• DIRECTIONS: Retype every line of the data below, starting with the first and ending with the line that contains "Amethyst Crystal Suncatcher", but leave out the pictures.

Start of RECORDS SHOWN

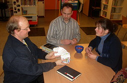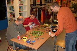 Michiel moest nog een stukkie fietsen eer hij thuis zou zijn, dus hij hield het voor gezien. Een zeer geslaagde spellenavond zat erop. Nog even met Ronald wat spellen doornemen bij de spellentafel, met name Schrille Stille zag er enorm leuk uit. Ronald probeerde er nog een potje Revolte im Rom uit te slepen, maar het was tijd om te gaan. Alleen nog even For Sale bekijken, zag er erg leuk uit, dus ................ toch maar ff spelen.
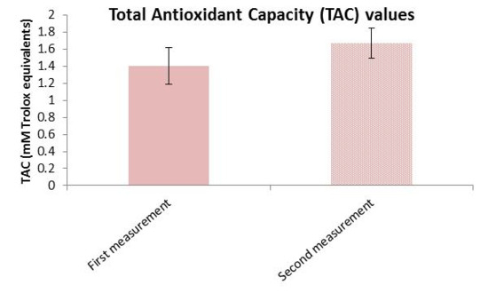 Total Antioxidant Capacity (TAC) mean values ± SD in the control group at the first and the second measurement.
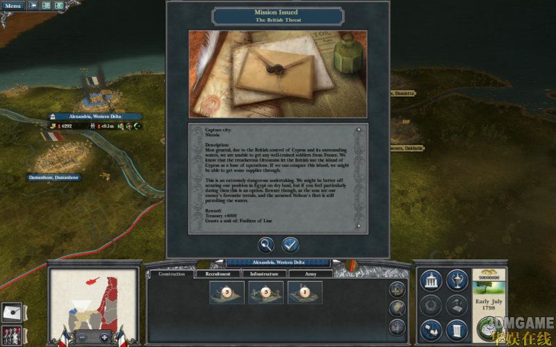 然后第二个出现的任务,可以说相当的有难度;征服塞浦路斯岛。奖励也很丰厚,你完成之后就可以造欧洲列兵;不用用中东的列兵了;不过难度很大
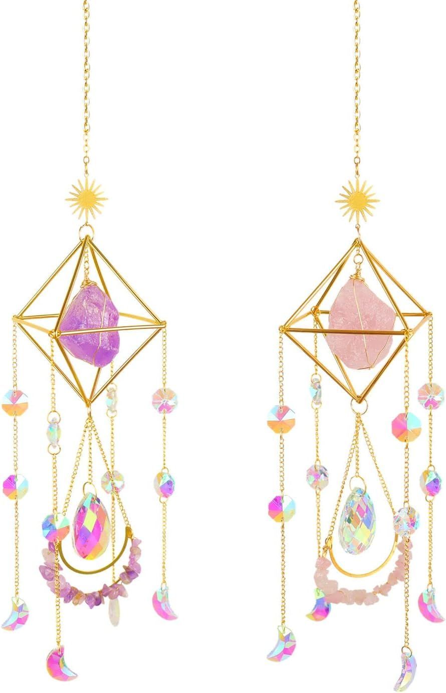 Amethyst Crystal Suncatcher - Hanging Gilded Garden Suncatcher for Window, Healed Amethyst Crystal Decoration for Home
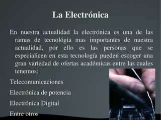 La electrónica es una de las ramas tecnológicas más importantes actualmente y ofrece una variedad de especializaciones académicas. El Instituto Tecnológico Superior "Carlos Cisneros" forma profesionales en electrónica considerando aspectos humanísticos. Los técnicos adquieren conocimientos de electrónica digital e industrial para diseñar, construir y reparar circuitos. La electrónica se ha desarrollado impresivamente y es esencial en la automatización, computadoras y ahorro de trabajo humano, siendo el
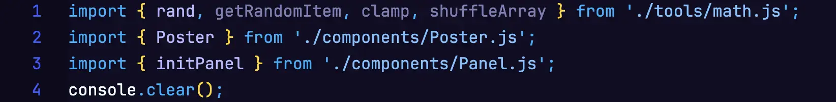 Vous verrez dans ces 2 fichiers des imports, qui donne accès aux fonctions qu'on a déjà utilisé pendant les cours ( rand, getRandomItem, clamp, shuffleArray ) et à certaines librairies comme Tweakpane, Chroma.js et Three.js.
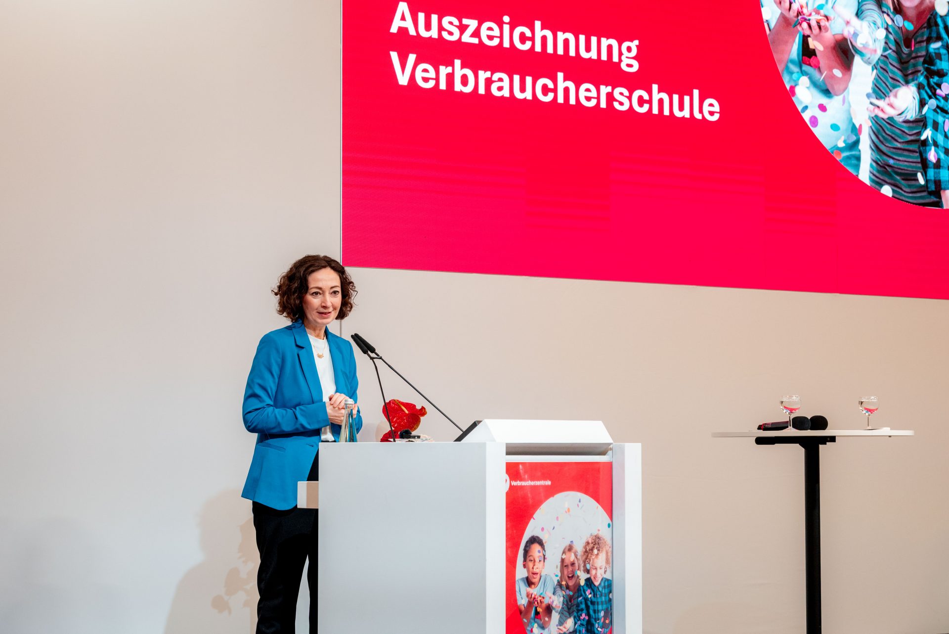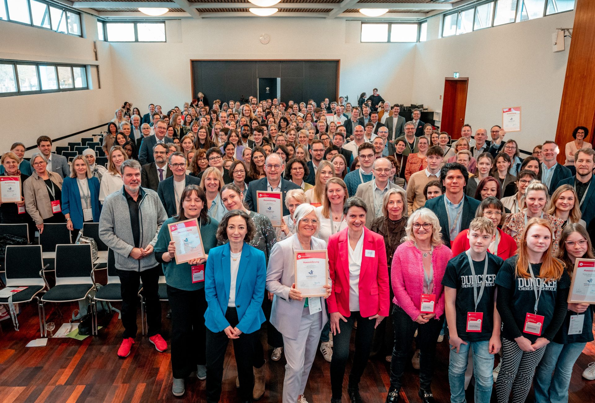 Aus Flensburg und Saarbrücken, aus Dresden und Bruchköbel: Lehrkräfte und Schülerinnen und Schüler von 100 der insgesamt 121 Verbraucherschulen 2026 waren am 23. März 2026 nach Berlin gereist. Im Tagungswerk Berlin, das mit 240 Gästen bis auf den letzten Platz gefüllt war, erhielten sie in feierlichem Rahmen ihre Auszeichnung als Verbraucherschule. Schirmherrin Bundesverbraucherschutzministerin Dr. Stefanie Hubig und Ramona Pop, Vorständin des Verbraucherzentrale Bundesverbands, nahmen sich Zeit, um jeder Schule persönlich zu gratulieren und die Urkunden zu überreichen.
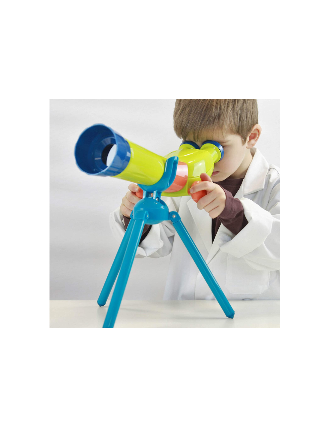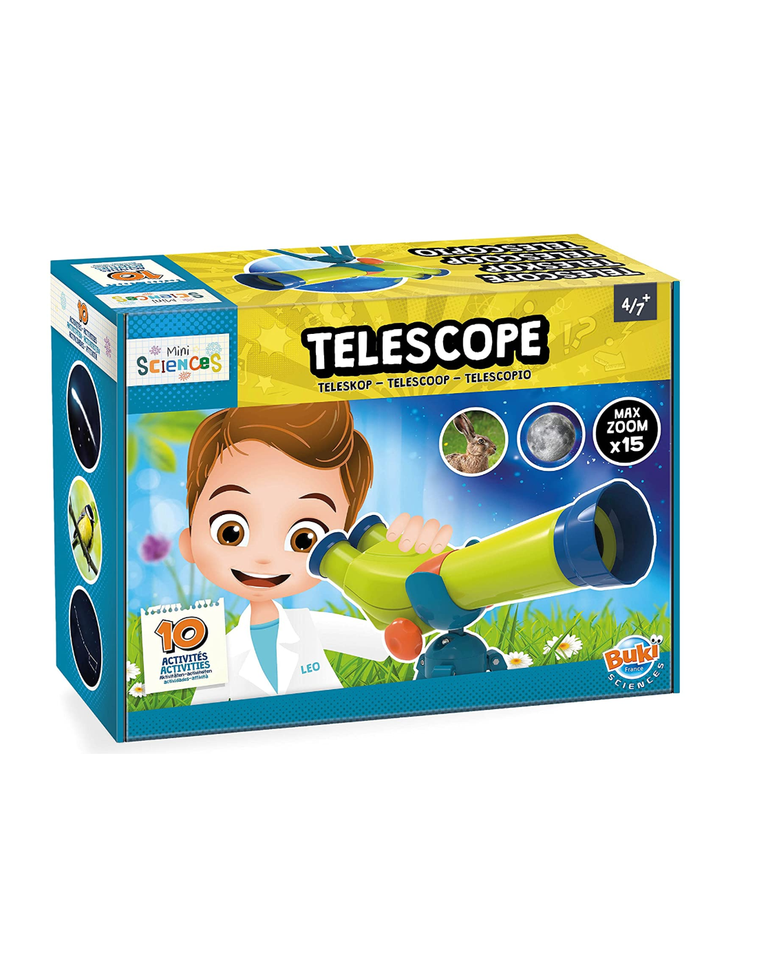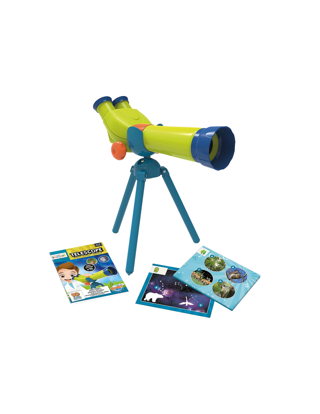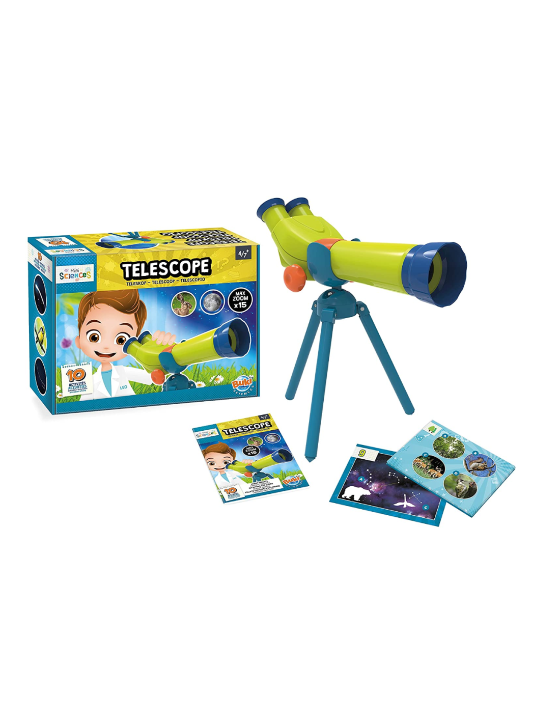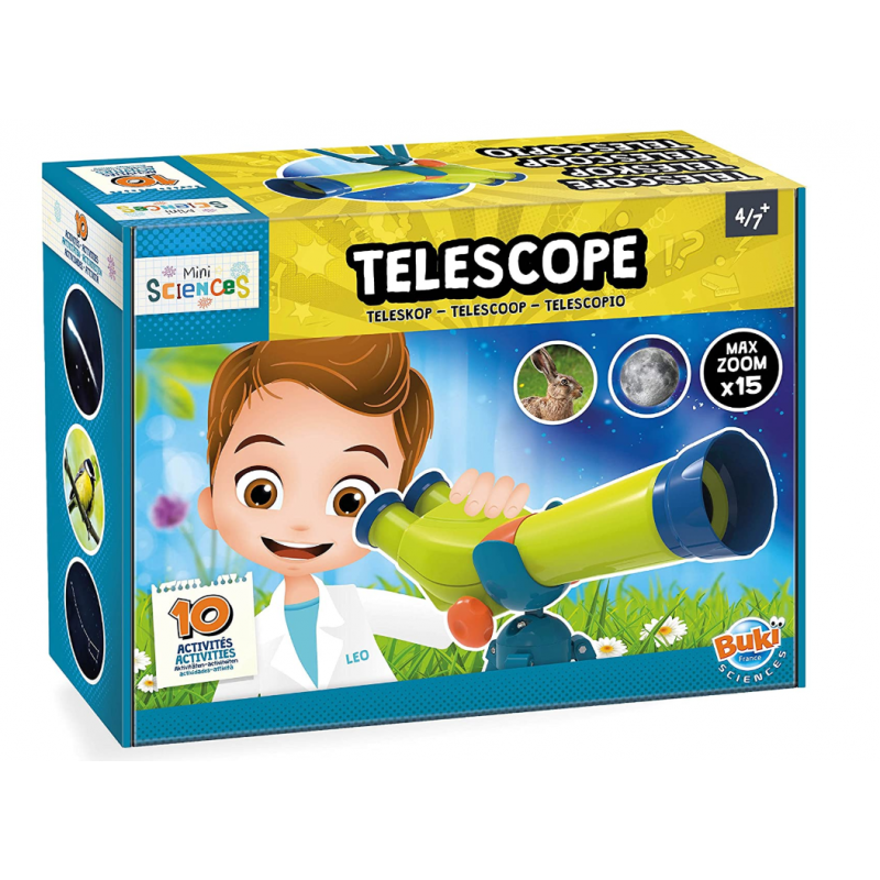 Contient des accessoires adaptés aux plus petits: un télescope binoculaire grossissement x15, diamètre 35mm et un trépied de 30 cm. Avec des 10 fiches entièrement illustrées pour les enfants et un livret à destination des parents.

End of RECORDS SHOWN

• SOLUTION TO THE EXERCISE:
 Michiel moest nog een stukkie fietsen eer hij thuis zou zijn, dus hij hield het voor gezien. Een zeer geslaagde spellenavond zat erop. Nog even met Ronald wat spellen doornemen bij de spellentafel, met name Schrille Stille zag er enorm leuk uit. Ronald probeerde er nog een potje Revolte im Rom uit te slepen, maar het was tijd om te gaan. Alleen nog even For Sale bekijken, zag er erg leuk uit, dus ................ toch maar ff spelen.
 Total Antioxidant Capacity (TAC) mean values ± SD in the control group at the first and the second measurement.
 然后第二个出现的任务,可以说相当的有难度;征服塞浦路斯岛。奖励也很丰厚,你完成之后就可以造欧洲列兵;不用用中东的列兵了;不过难度很大
 Amethyst Crystal Suncatcher - Hanging Gilded Garden Suncatcher for Window, Healed Amethyst Crystal Decoration for Home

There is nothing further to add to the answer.